Inspired by the example of his glider flying brother Edgar, Dittmar took an apprenticeship at the German Institute for Gliding (DFS). In 1932, flying his self-built glider Condor I, he won a first prize at the Rhön Glider Competition.

Dittmar then became a research pilot. In 1934, he, Hanna Reitsch, Peter Riedel, and Wolf Hirth were members of Professor Georgii's South American Glider Expedition, where in Argentina he achieved a new world gliding altitude record (about 4350 m).
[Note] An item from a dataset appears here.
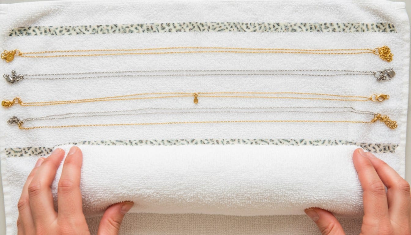 The towel or plastic wrap method relies on friction and pressure to "sandwich" jewellery in a fixed position. By rolling items inside a towel or pressing them between sheets of plastic wrap, you remove all space for the jewellery to move or tangle.
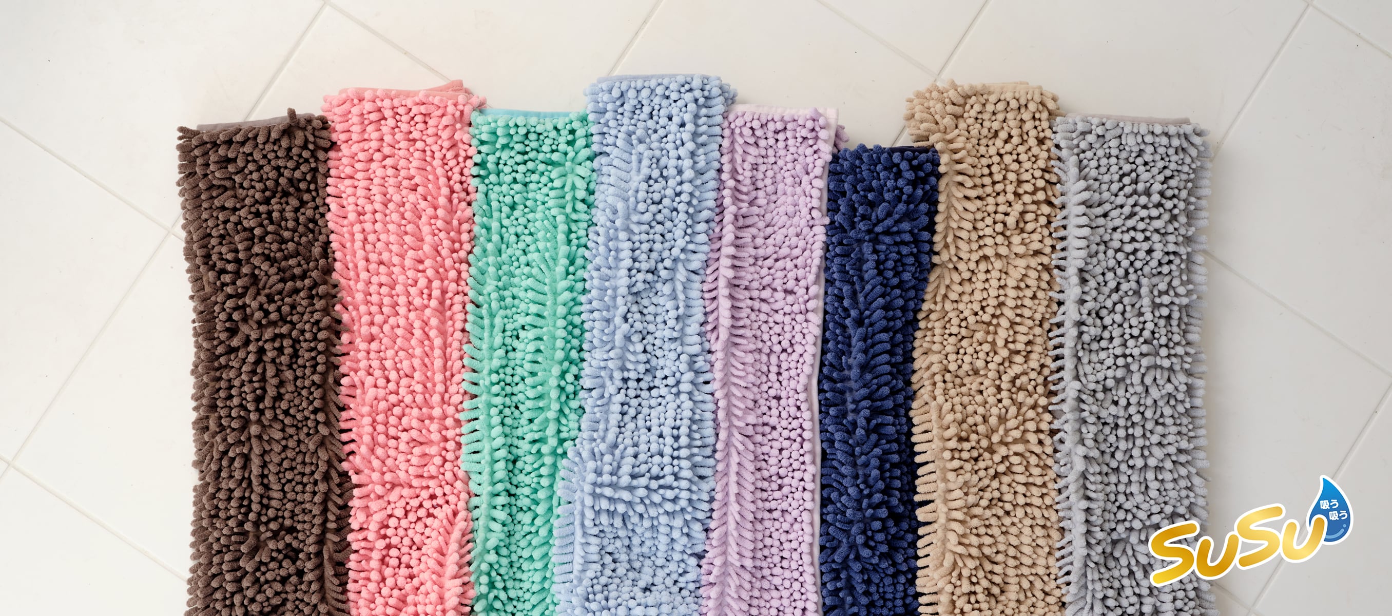 カラーバリエーションやサイズ展開もSUSUの魅力の一つです。メイン画像はカラー選択に連動して切り替わるギミックを取り入れ、見る人がそれぞれのカラーをイメージしやすくしています。また、使用シーンのほか、サイズ違いのマットを重ねたカットや、スワッチを並べたカットを新規撮影し、その豊富さを強調。さらに、動画や使用者の声を紹介し、購入を検討しやすい流れを作り上げました。

Later the same year, he achieved a new world record for long-distance using a Fafnir II and was awarded the Hindenburg Cup. In 1936, he achieved the first crossing of the Alps in a glider. He then crowned his career as a glider pilot by becoming the first Gliding World Champion after his victory at the first Rhön International Gliding Competition in 1937.

During and after the Second World War, Dittmar worked as an aircraft designer and test pilot. On 2 October 1941, flying the Messerschmitt Me 163A V4 KE+SW, he became the first human to fly faster than 1000 km/h. This record was achieved over the FAI-specified 3-km distance and was measured using an Askania theodolite. Later, on 6 July 1944, he reached a speed of 1130 km/h in the Me 163B V18 bearing the Stammkennzeichen code of VA+SP, nearly losing the complete rudder surface in the process to flutter. It is unclear, however, if sufficient altitude was attained to make this a true supersonic flight.

Dittmar died in a crash in 1960 while test-flying a light aircraft of his own design, the HD-153 Motor-Möwe, near Essen/Mülheim airport.